One in ten Scots borrowed money to pay for food in July

Money

According to new research from Trust Deed provider Debt Advisory Centre Scotland, who provided the article you’re reading right now, one in ten Scots were forced to borrow money to pay for food in July 2013.

Basic necessities on credit
Almost 530,000 Scots had to borrow money to buy food in July 2013, according to the research. A further 4 per cent (212,000) were forced to borrow to pay their utilities – gas, electricity and water – bills.

Having to use credit for basic life necessities is a disturbing sign that many people are losing their grasp on their finances and suffering for it.

Age groups differ
According to the figures, younger people are more likely to have had to borrow money to buy food. Around 21 per cent of people in the 18-24 age group said they had to buy on credit, compared with 16 per cent of people aged 25-34.
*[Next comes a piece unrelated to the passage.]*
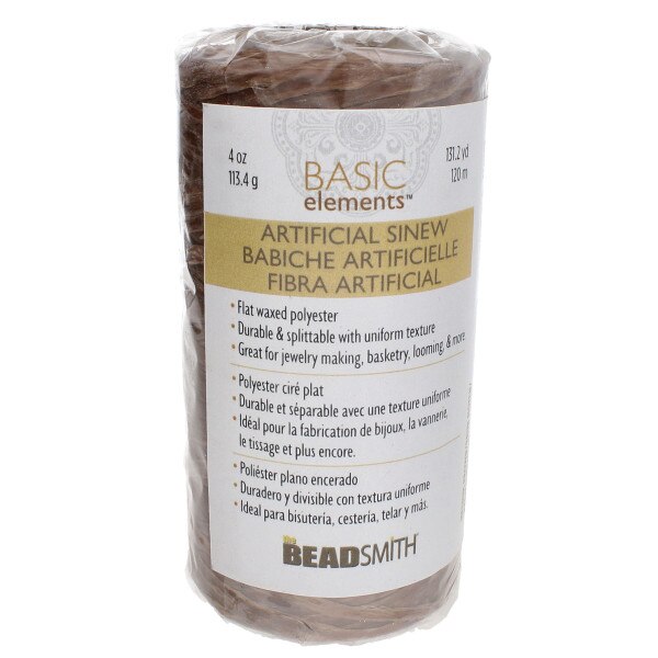 Introducing our durable and versatile 5-ply Artificial Sinew! The ultimate crafting essential for artisans and hobbyists alike! Made from high-quality continuous filament, waxed polyester cord, this sinew is built to withstand heavy-duty use, making it ideal for stringing heavy glass and ceramic beads with ease. The 5-ply construction offers exceptional strength while also providing the flexibility to split the cord into thinner strands, allowing endless creative possibilities for your projects. Whether you're creating intricate beadwork or crafting delicate jewelry pieces, our Artificial Sinew is the perfect companion for your artistic endeavors. Available in convenient sizes to suit your needs, you can choose from 1 oz., 4 oz. , and 8 oz. options. Each package includes ample sinew to bring your ideas to life and support your creative journey. Elevate your crafting toolkit with our premium Artificial Sinew and experience the strength, flexibility, and reliability that make every project a success. Order now and unlock a world of artistic possibilities!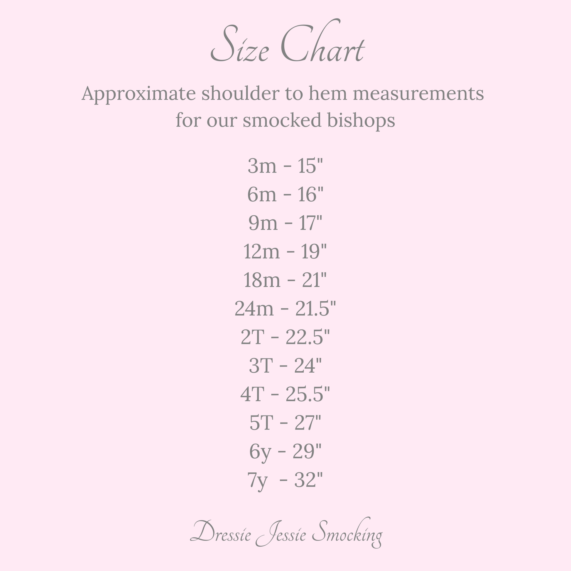 pretty blue bishop features red gingham trim and the most adorable smocked Santas

People aged 35-44 were most likely to have had to borrow to pay their utility bills, with the over-55s coming in next at 7 per cent.
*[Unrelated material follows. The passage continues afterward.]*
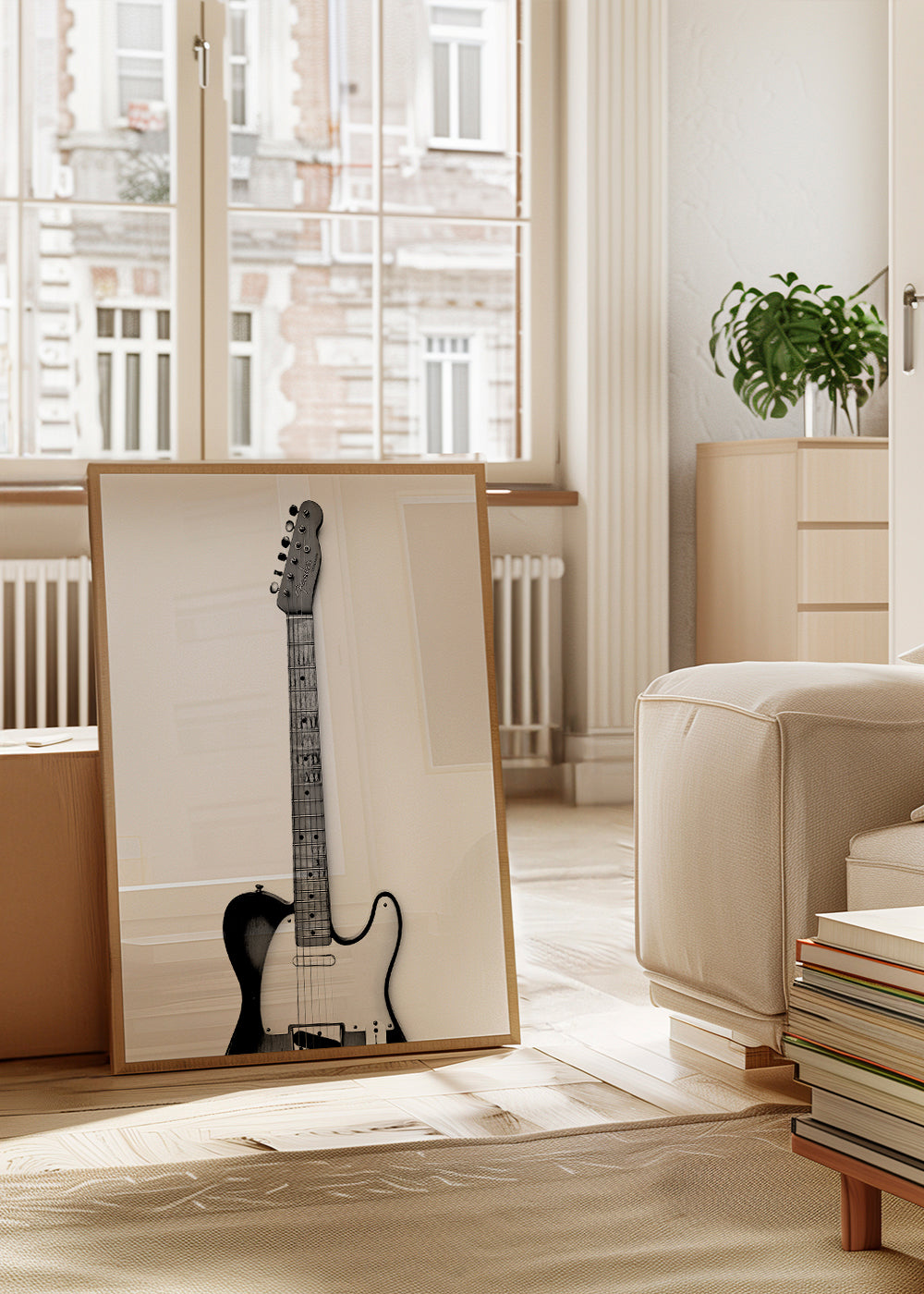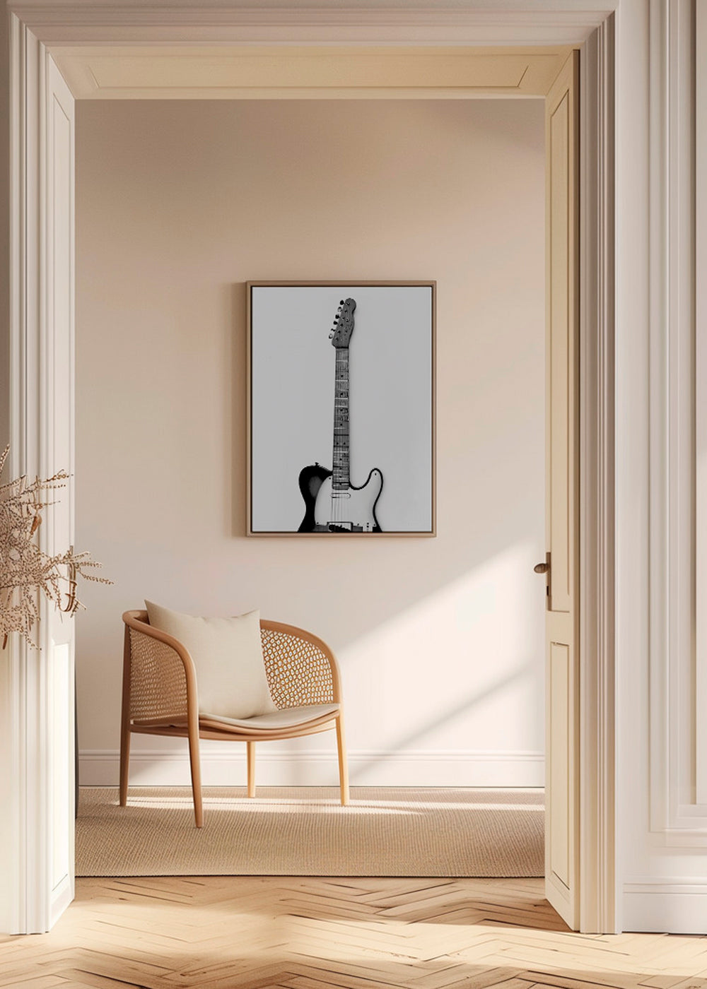 Wenn Sie die Passepartout-Option wählen, fügen wir die weiße matte Platte dem Rahmen hinzu und reduzieren das Design der Arbeit. Wählen Sie beispielsweise ein Druckformat 50x70 cm, mit eichenfarbenem Rahmen und Passepartout, reduzieren wir das Design des Druckes auf das bisherige Format (40x50cm). So passt es sich perfekt an das Innenfenster des Passepartouts an.

What is clear is that many people across all age ranges – and all over the country – are struggling to afford the basics.

Soaring costs responsible
It’s not surprising that so many are feeling the pinch to such disturbing levels as the cost of gas, electricity and food has soared over the last few years.
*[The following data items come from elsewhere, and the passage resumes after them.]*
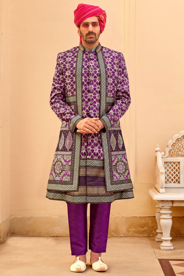 Purple Color Art Silk Fabric Readymade Wedding special Indo Western For Men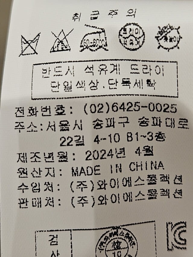| 6. 세탁방법 및 취급시 주의사항 | 상품상세참조 |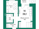 Общая площадь квартиры — 38.1 кв.м. Тип дома — кирпичный. Компания-застройщик — СЗ Сибкоминвест.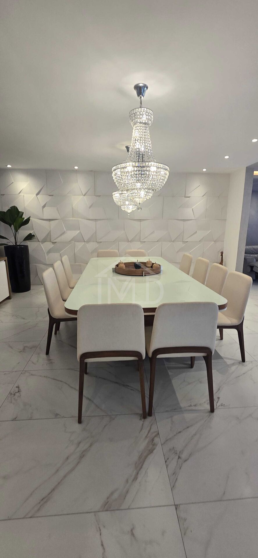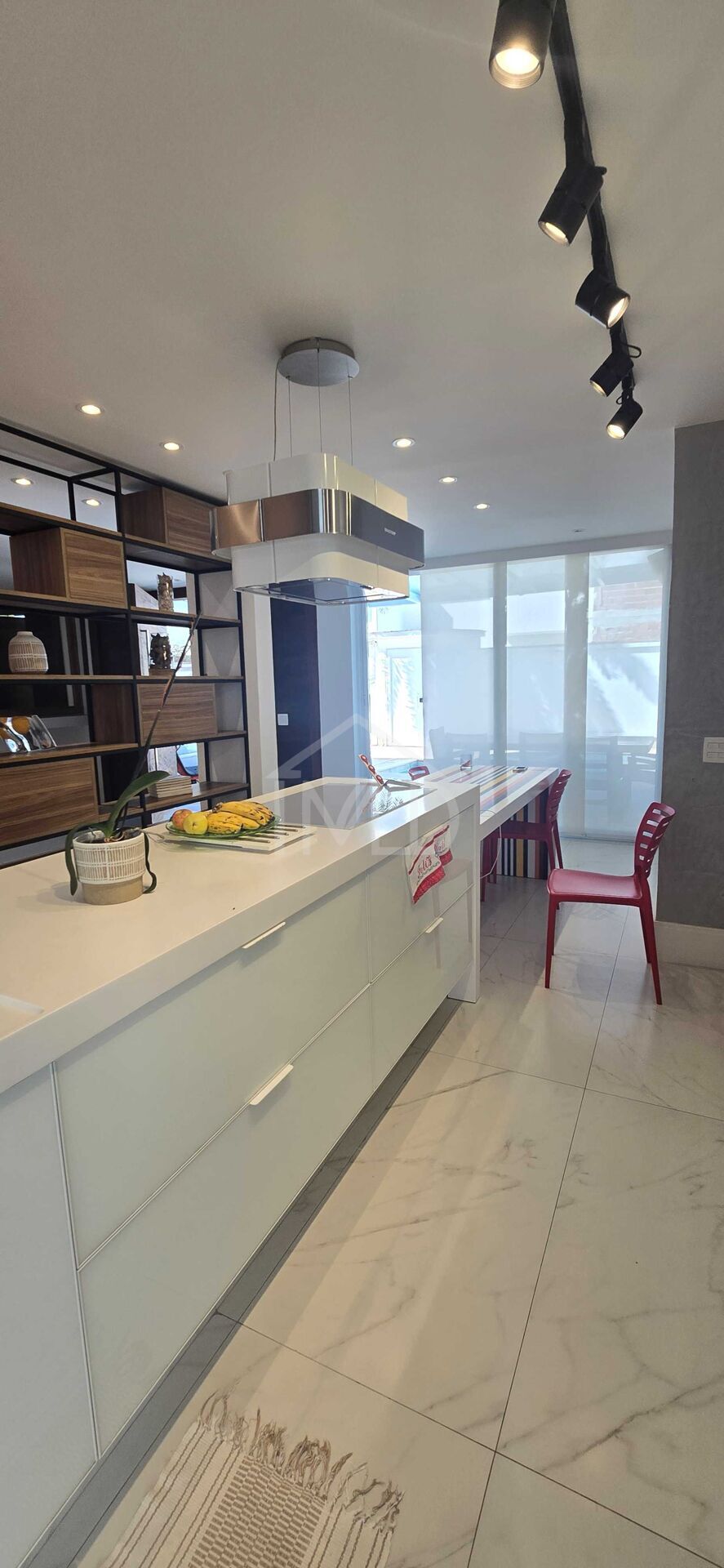 Com um projeto arquitetônico elegante e integrado, a casa oferece uma sala ampla em dois ambientes, além de uma sala de jantar imponente, com uma mesa para 12 lugares, perfeita para reunir amigos e família. A cozinha, em conceito aberto, já vem equipada com eletrodomésticos embutidos, garantindo sofisticação e praticidade no dia a dia.

Ian Williams of Debt Advisory Centre Scotland said:  “Many people use credit cards to buy food every day – sometimes to benefit from loyalty schemes and sometimes just to make ends meet. But unless you pay off your credit card balance in full every month, you are likely to be paying high charges on every pound you borrow. This could easily wipe out any savings you make by shopping carefully.”

Take control of your finances
Constant borrowing to pay bills should not be the norm. It is a clear sign that your finances are in trouble. Getting advice and working out measures to mitigate these problems in the long term is a good idea, and could save you a lot of stress in the future.

Drawing up a budget and working out different ways to come to agreements with providers can help you cut costs in practical ways. If you find you’re struggling to come up with ways to cut costs, getting some expert advice should be your next priority. Help is out there, so make sure you get the assistance you need.